The Old Village became one of my lunchtime destinations with some tavernas that had seating under trees to provide some welcome shade. A good place to enjoy a cold Mythos and something to eat. If you like dogs you're in luck here as two village dogs liked to do the rounds of the tables. One sitting at my feet and the other licking my arm at regular intervals. The village itself has lots of narrow streets and lanes to explore and a number of churches. There is also a good observation spot where you can enjoy the view down to Patitiri.

After lunch one day I took the walk to the summit of the Kalovoulos Mountain. Just continue to follow the road that led you into the Old Village and past the village cemetery. Carry straight on until you get to a signposted track on the right. A few bits of this walk involve a bit of a scramble but otherwise it is easy going as you gradually ascend the mountain along a good path through pine trees. As you get higher there are some great views and photographs of the Old Village to be had (late afternoon is the best light for this). Eventually the track comes to an end and you will just see a lot of rocks with a sign pointing to the summit. This bit is a scramble as you negotiate the rocks but you will quickly reach the summit which is marked with a concrete post. If you then head towards the cliff edge you will find a wooden shelter with seating where you can enjoy the view of nearby Skopelos island. On leaving the shelter you will find that the scramble over the rocks wasn't required -there's an easy pathway back to the track down (bear left at the Summit sign to find it).

View to the coastline near Agii Anargiroi
A good option for an excursion whilst on Alonissos is to take the Flying Cat (catamaran ferry) back to Skopelos or Skiathos. Be aware though that to have any worthwhile time there you will need to get the first ferry of the day (currently circa 6.30am). I took this to Skopelos -returning on the 3.00pm Cat (giving enough time for plenty of photography and lunch). Make sure you have a return ticket, I got sold a one way one in error. Well, I hope it was in error! Luckily I realised before departing and was able to get the return added.

Cockerel Count on Alonissos is ranked as Medium.
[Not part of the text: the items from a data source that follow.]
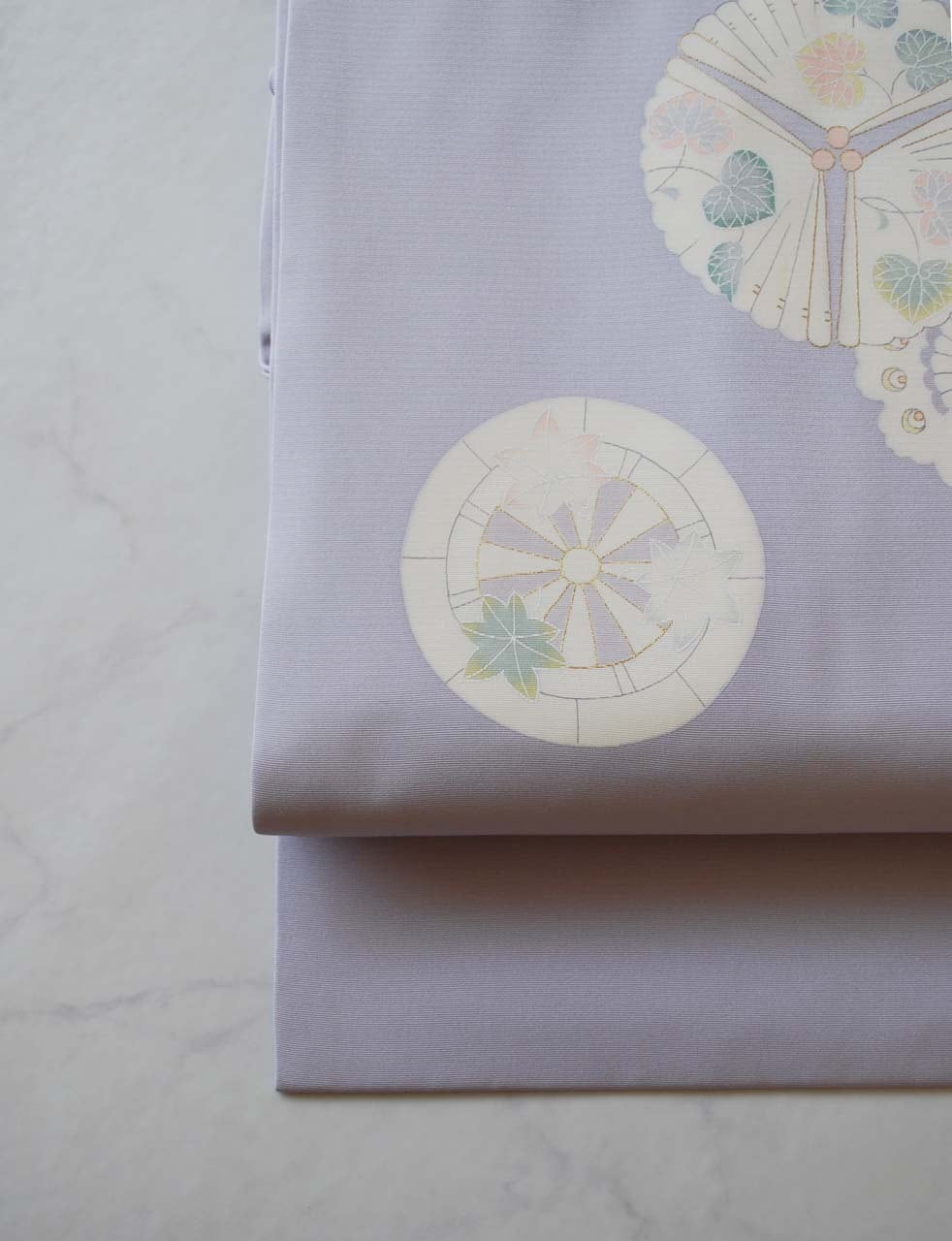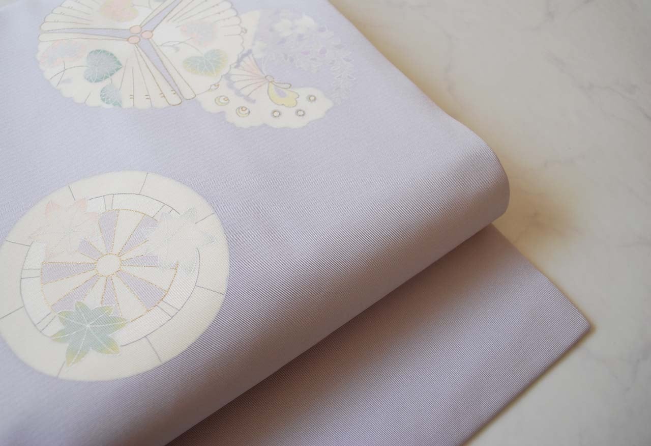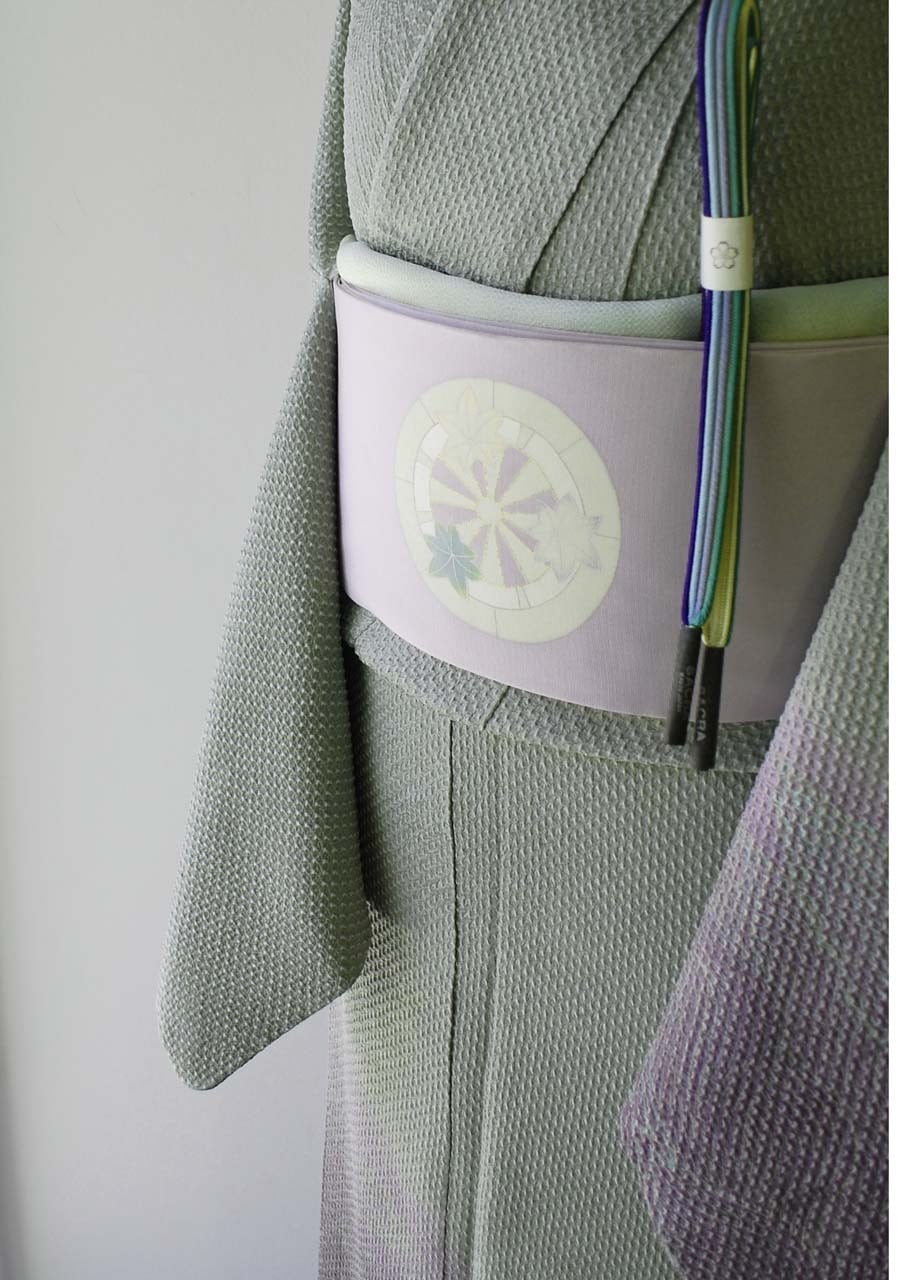 【なごや帯】藤色 文様丸文柄 塩瀬なごや帯
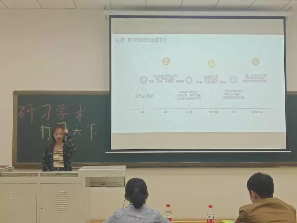 讲座开始,赵琳与黎萍学姐为同学们分享了考研经验,赵琳学姐从择校、初试、复试入手,推荐了多个对大家择校有帮助的公众号。黎萍学姐的“授课”风格颇为风趣,讲述了很多考研路上的小故事,坎坷之多凸显出学姐的毅力。随后张丽萍学姐将保研的条件逐一列出,之后为大家详细介绍了保研的基本流程及准备工作,并指出参加夏令营争取到“优秀营员”将会有丰厚的福利。最后是费云扬学长的留学经验分享。他说:准备出国留学的同学要有一个漂亮的简历,简历里要有你参加过的比赛奖项,在面试时要表决自己努力的决心,同时要体现出自己的实力。在研讨会接近尾声时,一位大二的同学向费云扬学长请教了问题:去日本留学对于日语要求会不会很高?学长表示自己的日语水平也不足以和日本大学生正常交流,但这并不影响他的出国进程。随后,研讨会也在热烈的掌声中拉下了帷幕。
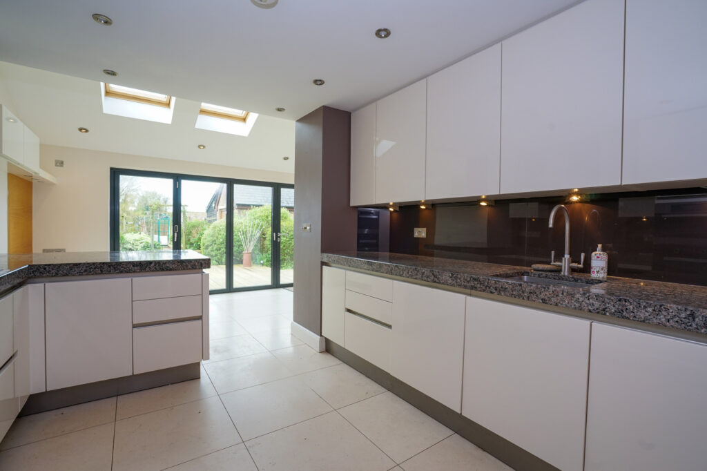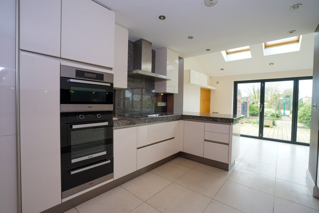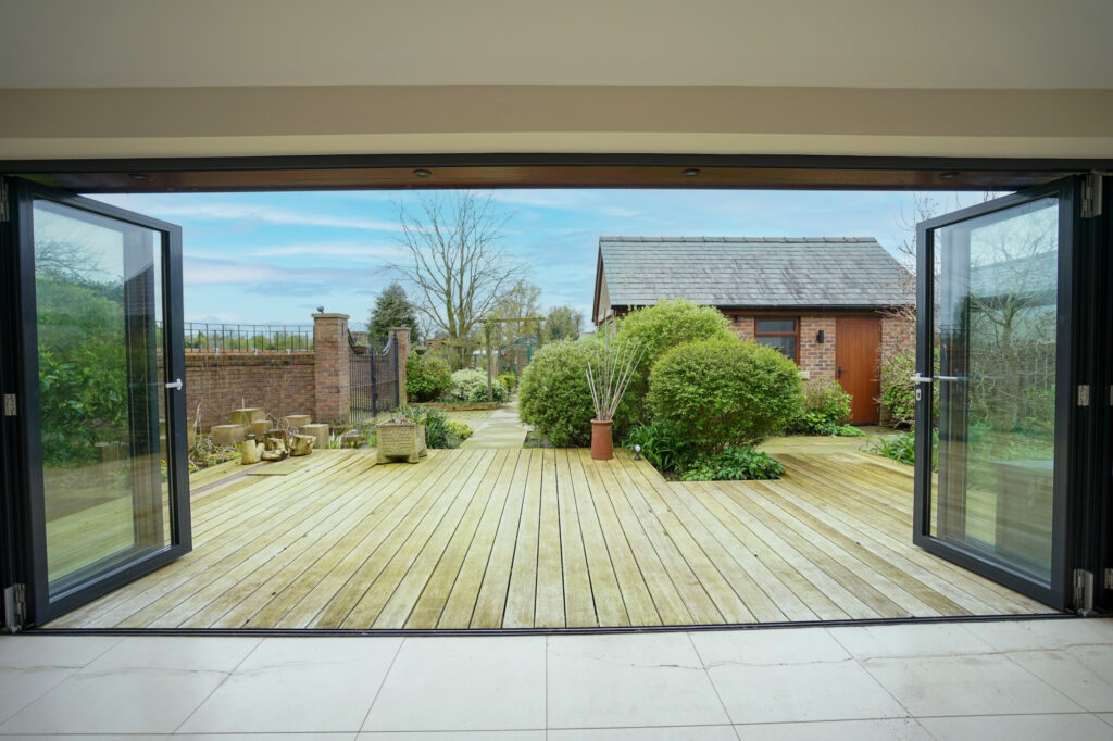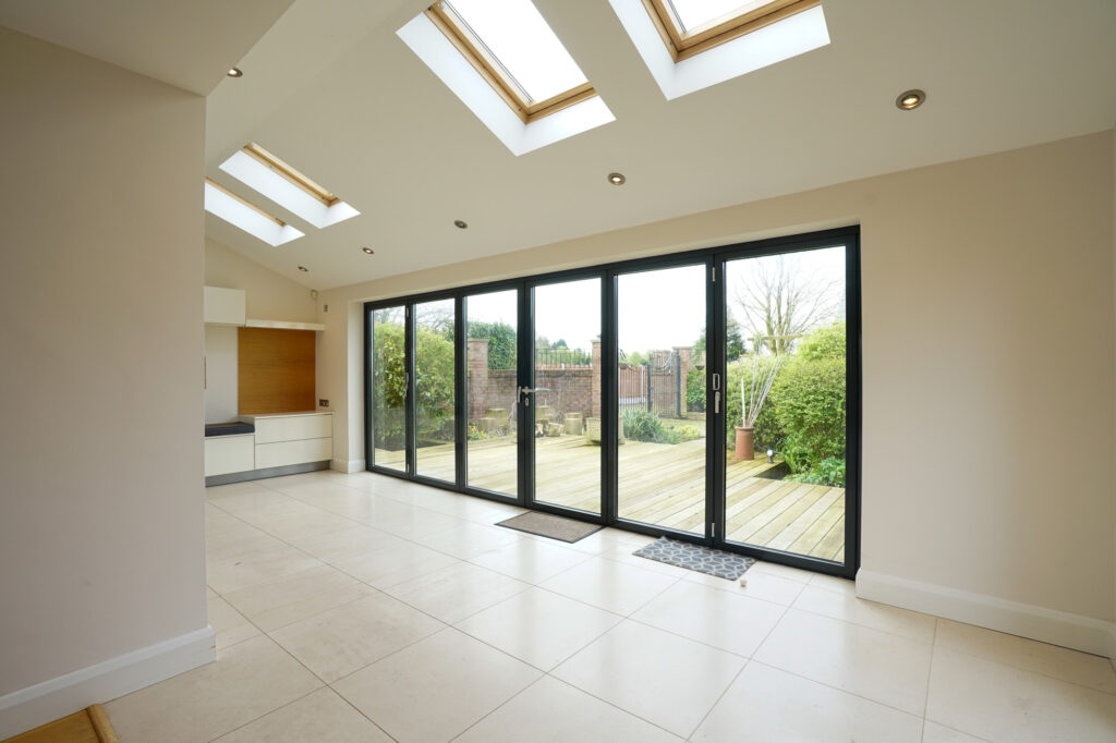 This is a very open space with a huge amount of natural being given by the Velux rooflights and the full width six metre bi fold windows. When these are open it really brings the outside in with the flush level decking leading into the garden.
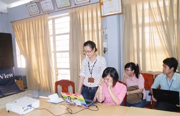 Trần Thị Thu Thảo và Vũ Thị Chinh báo cáo tiến độ đề tài “Xây dựng hệ thống phân loại tài liệu tiếng Việt”.
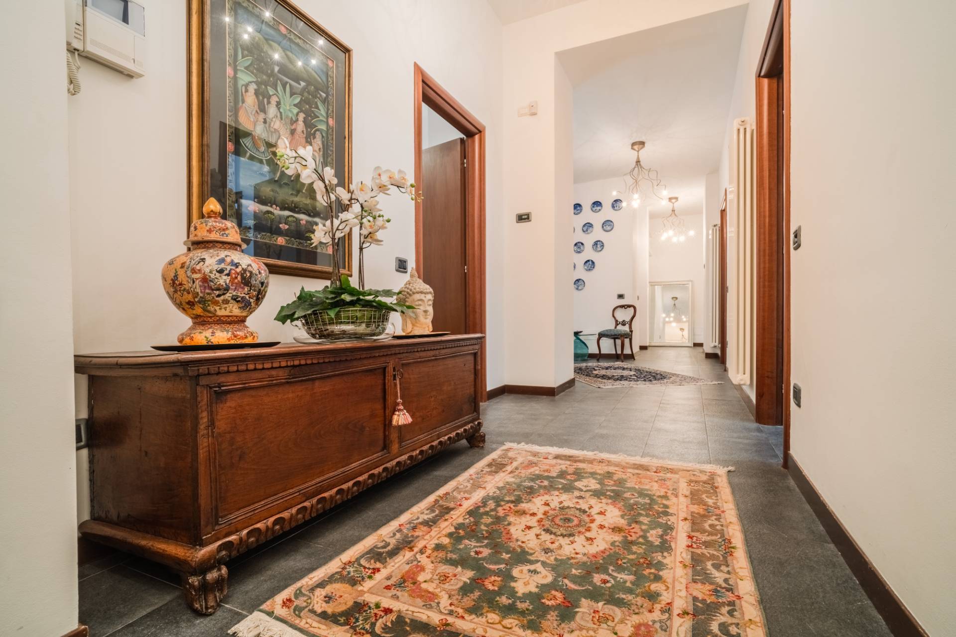 La propriet dispone inoltre di doppio ingresso, una caratteristica rara e preziosa che consente, se desiderato, di suddividere lappartamento in due unit abitative indipendenti, ideale per famiglie numerose o per chi desidera una zona dedicata a ospiti o studio professionale.
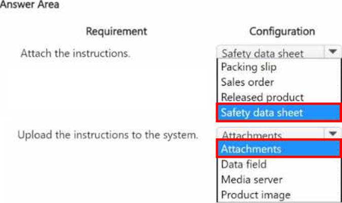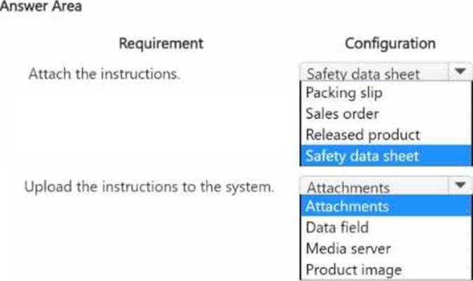The company requires that when a sales order’s packing slip is printed for a product that contains a toxic chemical, the instructions must also be printed for inclusion in the shipment. You need to configure the system to meet the requirements.
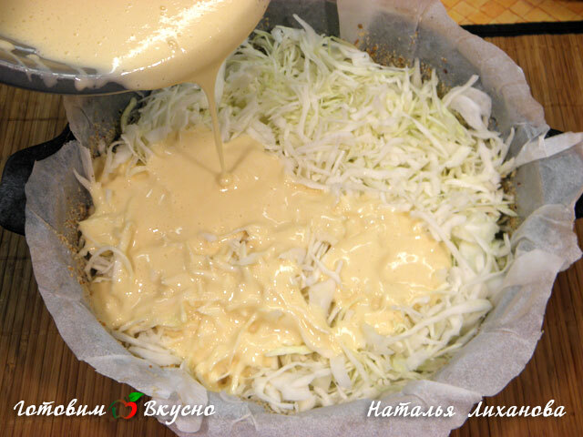 Поливаем тестом капусту. В нескольких местах протыкаем вилкой, чтобы тесто протекло. Ставим в духовку и выпекаем пирог 40 мин при температуре 180 градусов.
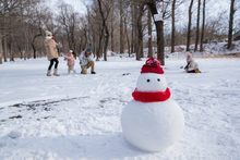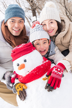 图片标题: 在雪地上玩耍的快乐父子
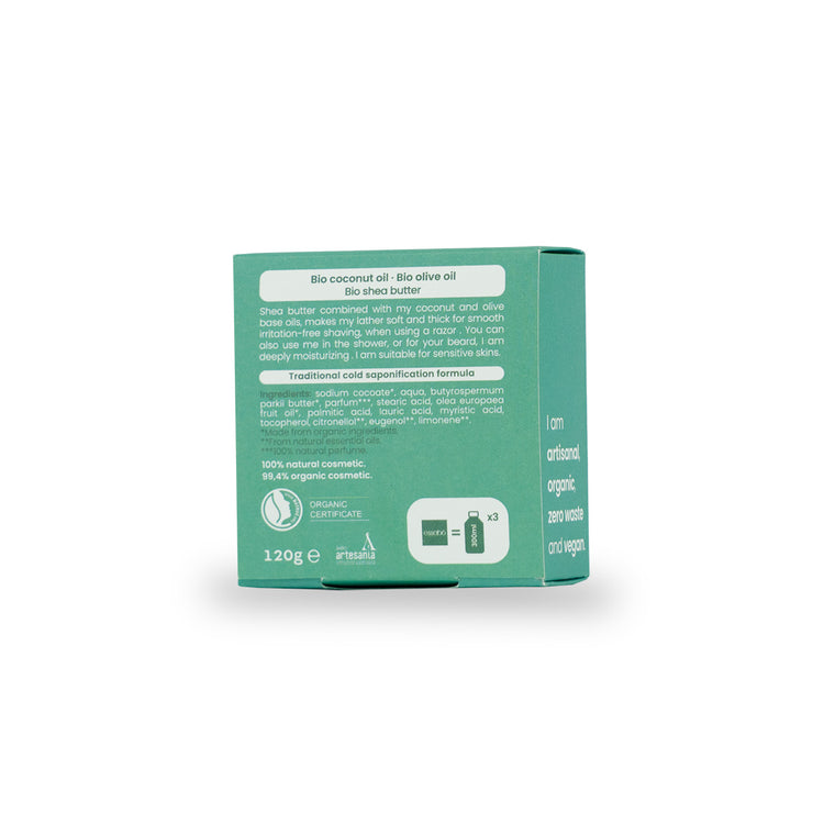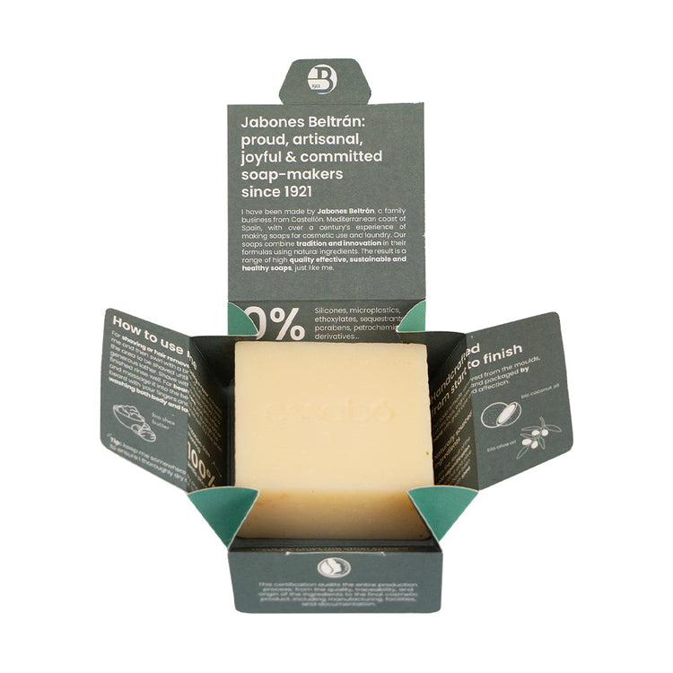 Essabó Afeitado er en såpe utviklet spesielt for en klassisk barbering på den mest naturlige måten. Takket være det kremete skummet gjør den barberingen enklere samtidig som den tar vare på selv den mest sensitive huden, og forhindrer irritasjon. Den kan også brukes til å vaske langt skjegg, rense og pleie håret og huden.

Where I was staying there wasn't the en-masse dawn chorus of crowing but there were,nethertheless, plenty to be heard generally. Unusually, Ducks and Turkeys featured quite strongly here as well.

Goatiness on Alonissos also ranked as Medium. There were some in a pen on the Donkey Track but, much better, a couple in the Old Village had a small herd which they walked down the road to feed on bushes. I also encountered a family of goats wandering on the Kalovoulos mountain. I'm told there are more to be seen at the other (less inhabited) end of the island.

Alonissos - a little star of an island and right up there in my top three favourites. Regards, David.